В тот единственный раз, когда я видела сына Бэрронса, мальчик выглядел совсем не так. Тогда он казался милым, беспомощным, невинным, перепуганным ребенком, и пусть это было всего лишь притворством, уловкой, чтобы приманить меня достаточно близко, чтобы атаковать, это был один из немногих случаев в его мучительном существовании, когда он выглядел нормальным. Я до сих пор помню боль в голосе Бэрронса, когда он спросил, видела я мальчика или монстра.
Я смотрю. На экране его сын начинает превращаться в чудовище. Метаморфоза проходит резко, мучительно, за этим наблюдать еще больней, чем за тем, как Бэрронс превращается в человека.
По сравнению с появившейся на экране звериной формой его сына бешеное чудовище Бэрронса, преследовавшее меня в Фейри, кажется игривым щеночком.
Вскоре после того, как его сын попытался меня съесть, Бэрронс рассказал мне, что на мальчика постоянно направлены камеры, снимающие его существование в надежде хоть раз запечатлеть ребенка, а не монстра. За тысячу лет он видел сына лишь несколько раз. Это, по всей видимости, запись одного из тех случаев.
Но почему Бэрронс смотрит на это сейчас? Все закончилось. Мы освободили его сына. Разве нет? Или странно эластичная вселенная, в которой я, похоже, в последнее время оказалась, нашла способ изменить и это?
Кончики пальцев Бэрронса соскальзывают с экрана.
— Я хотел подарить тебе покой, — бормочет он. — А не стереть тебя из цикла навсегда. И теперь не могу не думать, свою ли боль вместо твоей я хотел завершить.
Я вздрагиваю и закрываю глаза. Моя жизнь не была лишь веселой и беззаботной. Когда мне было шестнадцать, у моего приемного дедушки диагностировали рак легких с метастазами в печень и мозг.

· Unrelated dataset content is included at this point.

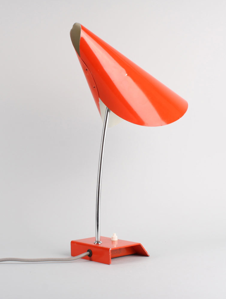 The luminaires were created during the communist era, when art and architecture were united. Only the product and lighting designers enjoyed a certain amount of freedom, which they were able to use skillfully. One of our favorite vintage design lamps by Josef Hurka is the so called „nun“ lamp that shows a very playful design approach and originality like no other. The combination of chrome parts that are well preserved up to this day with its metallic painted shade and base in bright dark orange colors are truly beautiful. The lamps from the Czechoslovakian Brussel series are very rare and hard to source. Despite the fact that the lamps are already more than 70 years old you will find beautiful functioning and reclaimed original lamps in our Only/Once shop.

Папино горе на несколько месяцев окутало дом Лейнов почти материальной тенью. Я никогда не забуду жутких головных болей, которые мучили дедушку, то, как его тошнило от химиотерапии и облучения. Я видела, как папе пришлось принимать одно мучительное решение за другим и отказаться от капельниц с антибиотиками для лечения пневмонии, которая и унесла дедушкину жизнь гораздо быстрее и гораздо мягче, чем это сделал бы рак.

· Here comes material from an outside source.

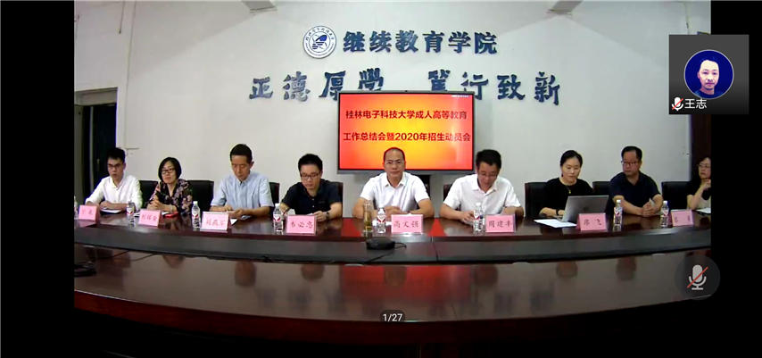 5月29日上午,桂林電子科技大學成人高等教育2019年工作總結(jié)暨2020年招生動員會通過視頻召開,繼續(xù)教育學院院長高文強、副院長周建豐、韋必忠以及各科室領(lǐng)導(dǎo)老師和各站點分會場老師參加了會議,我函授站站長蔣華、副站長王志等領(lǐng)導(dǎo)參加了視頻會議。

Бэрронс озвучивает вполне законный вопрос любого, кому однажды пришлось согласиться прекратить жизнеобеспечение любимого человека, принять отказ пациента с четвертой стадией рака от продолжения химиотерапии или усыпить любимое домашнее животное.
И пока ты заботишься о ком-то, присутствие любимых вначале ощущается слишком остро, мучительно и болезненно, а затем они внезапно исчезают, и ты понимаешь, что отсутствие ощущается еще острее, еще мучительнее и болезненнее. И ты не знаешь, как тебе жить и как дышать, если их больше нет. Как можно жить и дышать? Ведь весь твой мир вращался вокруг любимых.
Я должна была это предвидеть. Меня саму хотя бы утешала вера в то, что Алина в раю. Что, возможно, однажды я загляну в глаза ребенка и увижу в них часть души моей сестры: потому что я действительно верю, что мы возрождаемся. Возможно, я никогда не увижу ее перевоплощения, но чувствовать не перестану. Я не знаю, как это объяснить. Алина словно находится всего лишь в одном измерении от меня, в том, что я считаю течением потока, и мне достаточно сместиться немного в сторону, чтобы присоединиться к ней. И однажды, думаю, я окунусь в другое течение и смогу увидеть Алину снова, пусть даже на другом корабле, который уносит ее к новому месту назначения в безбрежном море наших существований.
Возможно, это всего лишь сентиментальное заблуждение, за которое я цепляюсь, чтобы не утонуть в горе.